Saengseon-jorim/Fish stew

Saengseon-jorim / Saengseonjorim (생선조림)

Saengseon-jorim/Fish stew.

main·30 min·easy·serves 2

Remember
2 soy
·
2 chili
·
2 sugar
·
2 oyster
·
1 vinegar

Tablespoons. The 5 ingredient sauce IS the recipe; the rest is just layering and simmering.

A universal Korean braising sauce that works on any fish you can find at the market. Mix the sauce, layer the pan, simmer. That's it.
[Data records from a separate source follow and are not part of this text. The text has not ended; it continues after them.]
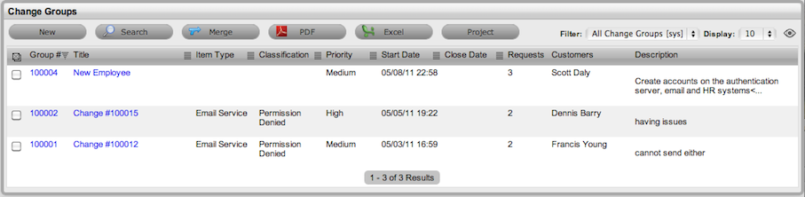 Displays all Change Requests logged in the system regardless of their Status or Assignment. |
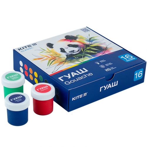 Гуаш Kite містить 16 кольорів. Баночки по 20 мл зберігаються в картонній упаковці. Кольори яскраві і насичені, легко змішуються. Фарби приємної однорідної текстури, рівномірно наносяться на поверхню. Змиваються зі шкіри та інших поверхонь мильною водою. Фарби сприяють емоційному та мовному розвитку дитини, а також сприйняттю кольорів. Дитина навчиться змішувати фарби і створювати нові кольори. Дитячі фарби нейтрального запаху. Фарби виготовлені з натуральних компонентів з додаванням консервантів, не містять шкідливих речовин. Рекомендовано дітям дошкільного та шкільного віку.
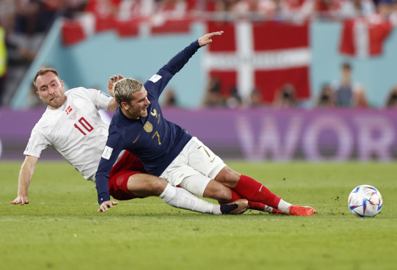 丹麦队并非传统豪门,但“童话王国”却时不时给法国队上演“鬼故事”:2002世界杯小组赛末轮,正是他们2:0击败法国队,葬送了后者的晋级希望,齐达内停球不慎跌倒的场景令人唏嘘。2018年世界杯小组赛末轮,已经提前出线的法国队与丹麦队心照不宣地“磨洋工”,互交白卷后携手晋级,遭遇到了卢日尼基体育场全场球迷的嘘声。今年9月结束的欧国联小组赛,法国队险些降级,在此过程中他们遭到了丹麦队的“双杀”。

Best with mackerel, sea bream or any firm white fish.

Ingredients

The 2·2·2·2·1 sauce — mix in a small bowl

  • 2 tbsp soy sauce (간장)
  • 2 tbsp gochugaru (Korean chili flakes)
  • 2 tbsp sugar
  • 2 tbsp oyster sauce (굴소스)
  • 1 tbsp rice vinegar (식초)
  • 1 tbsp minced garlic
  • ½ tsp minced ginger
  • 2 tbsp water (to loosen)

The pan

  • 2 fish fillets or 1 whole gutted fish (≈400g) — mackerel, pollock, or any firm white fish
  • 1 medium onion, sliced into thick rings
  • 2 spring onions (greens reserved for garnish)
  • 1 radish cut into 5cm batons
  • 1 cup water

Method

  1. Mix the 2·2·2·2·1 sauce. Combine everything in a small bowl. Whisk until the sugar dissolves. Set aside.
  2. Layer the pan, cold. Onion rings and radish cut into thick pieces (~5cm batons) on the bottom of a wide, shallow pan. Spring onion whites on top.
  3. Place the fish. Lay fillets (or whole fish) on top of the aromatics — don't crowd.
  4. Pour the sauce. Spoon the sauce evenly over the fish. Add 1 cup water around the sides (not over the fish).
  5. Cover and simmer — medium heat, 15 minutes. The aromatics underneath protect the fish from sticking and infuse the sauce.
  6. Baste at minute 10. Open the lid, spoon sauce over the fish twice, cover again. This is what makes the top glossy.
  7. Uncover the last 3 minutes. Let the sauce reduce to a glossy glaze. Don't walk away — it goes from saucy to scorched fast.
  8. Garnish + serve. Reserved spring onion greens on top. Serve over rice with the sauce spooned around.

Tip · fish doesn't matter, sauce does

Mackerel or sea bream is classic, but this works with pollock, hake, cod, even firm trout. Pick what's fresh at the counter.

Tip · the layered pan trick

Always put aromatics underneath the fish. Two reasons: (1) fish doesn't stick to the pan, and (2) the onion + spring onion silently cook into the sauce, making it deeper and sweeter. Skip this and you'll wonder why your jorim tastes flat.